» **Work task**
Give back every line of the material exactly. Skip the pictures.

» **Data excerpt**

* * * * *

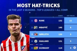 德轉(zhuǎn)列出五大聯(lián)賽球員最近三個賽季在各項賽事戴帽次數(shù)榜,瑟爾洛特與哈蘭德5次并列第三,凱恩11次居首。
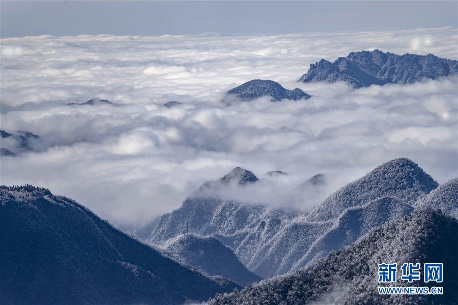 在湖北省五峰国际滑雪场拍摄的云海(1月12日摄)。 当日,湖北五峰国际滑雪场雪后初晴,云雾和高山雪景勾勒出一幅幅美丽的图画。五峰国际滑雪场位于五峰土家族自治县湾潭镇,最高处海拔2129米。 新华社记者 杜华举 摄
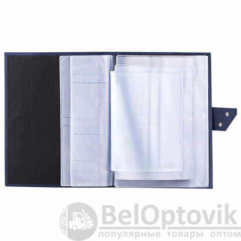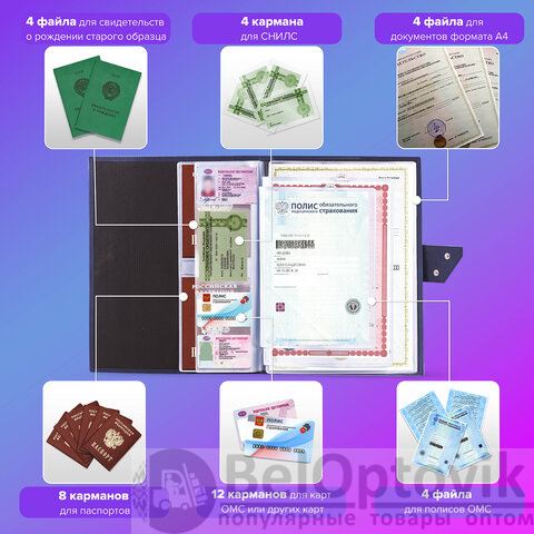 Папка-органайзер для семейных документов с плотной обложкой, включает в себя: 4 файла для документов формата А4, 4 файла для свидетельств о рождении старого образца, 4 файла для полисов ОМС, 4 кармана для СНИЛС, 8 карманов для паспортов, 12 карманов для карт ОМС или других карт. Обложка папки выполнена из экокожи синего цвета, матовые вкладыши изготовлены из прочного ПВХ-материала.
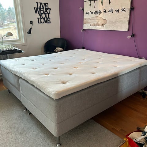 Bäddmadrassen är väldigt bekväm och är från Wellpur, tyvärr sliten/smutsig i tyget.

* * * * *

» **Result for this exercise**
 德轉(zhuǎn)列出五大聯(lián)賽球員最近三個賽季在各項賽事戴帽次數(shù)榜,瑟爾洛特與哈蘭德5次并列第三,凱恩11次居首。
 在湖北省五峰国际滑雪场拍摄的云海(1月12日摄)。 当日,湖北五峰国际滑雪场雪后初晴,云雾和高山雪景勾勒出一幅幅美丽的图画。五峰国际滑雪场位于五峰土家族自治县湾潭镇,最高处海拔2129米。 新华社记者 杜华举 摄
 Папка-органайзер для семейных документов с плотной обложкой, включает в себя: 4 файла для документов формата А4, 4 файла для свидетельств о рождении старого образца, 4 файла для полисов ОМС, 4 кармана для СНИЛС, 8 карманов для паспортов, 12 карманов для карт ОМС или других карт. Обложка папки выполнена из экокожи синего цвета, матовые вкладыши изготовлены из прочного ПВХ-материала.
 Bäddmadrassen är väldigt bekväm och är från Wellpur, tyvärr sliten/smutsig i tyget.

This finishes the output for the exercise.